Registration via LPIS
|Wednesday||10/12/22||09:00 AM - 01:00 PM||TC.3.08|
|Wednesday||10/19/22||09:00 AM - 01:00 PM||TC.4.15|
|Wednesday||11/02/22||09:00 AM - 01:00 PM||TC.4.15|
|Wednesday||11/09/22||09:00 AM - 01:00 PM||D4.0.136|
|Wednesday||11/16/22||08:00 AM - 12:00 PM||TC.5.28|
|Wednesday||11/23/22||09:00 AM - 01:00 PM||TC.3.08|
This course aims to explore fundamental topics of the social sciences using computational methods including network science, text analysis, and machine learning. Following a review of core statistical concepts, students will learn to handle data in the form of text and networks and how to extract information from them. Participants will learn how to apply and evaluate these methods to measure and understand social scientific phenomena. We will use the Python programming language and the Jupyter Notebook environment.
After completing this course students will have an understanding of the opportunities and pitfalls of studying social behavior using data in the form of text and networks. Students will understand how to formulate and test hypotheses using such data. Students will apply mathematical and statistical tools to these kinds of data to support design making. Completing this course will contribute to the students’ ability to efficiently work and communicate in a team to deliver interpretable and practical information from big data. They will also reinforce their understanding of ethical data analysis and potential biases in data-driven analyses of social phenomena.
The rules on the attendance of a Continuous Assessment Course (PI) apply (present at least 80% of the time). See the dedicated page on the WU portal for further information.
Each course session will consist of a lecture introducing a specific topic and methodology and a hands-on programming lab, implementing the main ideas of the lecture in code.

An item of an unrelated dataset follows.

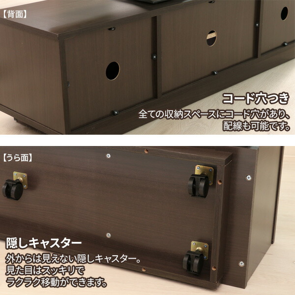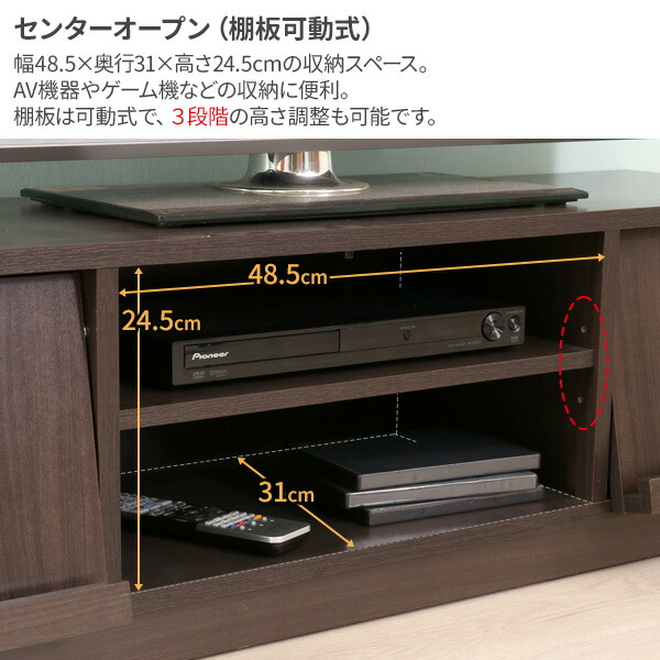 センターオープン仕様幅48.5×奥行31×高さ24.5cmの収納スペースは、AV機器やゲーム機などの収納に便利。可動式の棚板は、高さの調整も可能です。

The final grade will be composed of:
- (40%) a mid-term assignment of programming and analysis tasks, to be submitted individually as an annotated Jupyter Notebook
- (50%) a final assignment, involving programming, analysis, and written components, to be submitted in pairs as an annotated Jupyter Notebook
- (10%) to be earned by active participation during the lectures and practical sessions.

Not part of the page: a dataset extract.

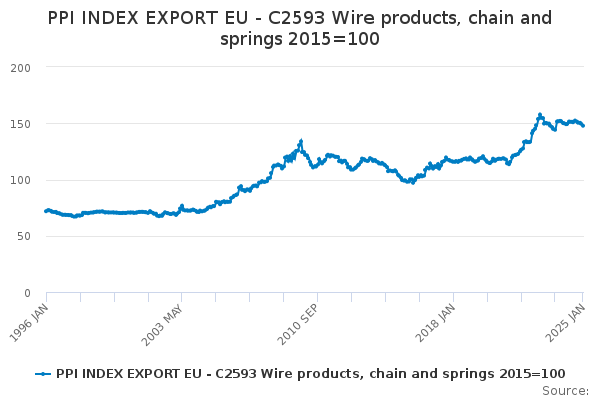 Download this time seriesPPI INDEX EXPORT EU - C2593 Wire products, chain and springs 2015=100

The participation points (10%) will be granted by participation (not correctness) in short clicker quizzes during the lecture. Attendance of the online lectures is a requirement and missed clicker quizzes cannot be made up.
Successful conclusion of the course 1 of SBWL Data Science.
Please be aware that, for all courses in this SBWL, registration is only possibly for students who successfully have completed the entry course (Einstieg in die SBWL: Data Science).Note that for courses within the SBWL "Data Science" we can only accept students enrolled in one of WU's bachelor programmes who qualify for starting an SBWL; particularly, we cannot accept students from other courses and programmes enrolled at WU as 'Mitbeleger' only.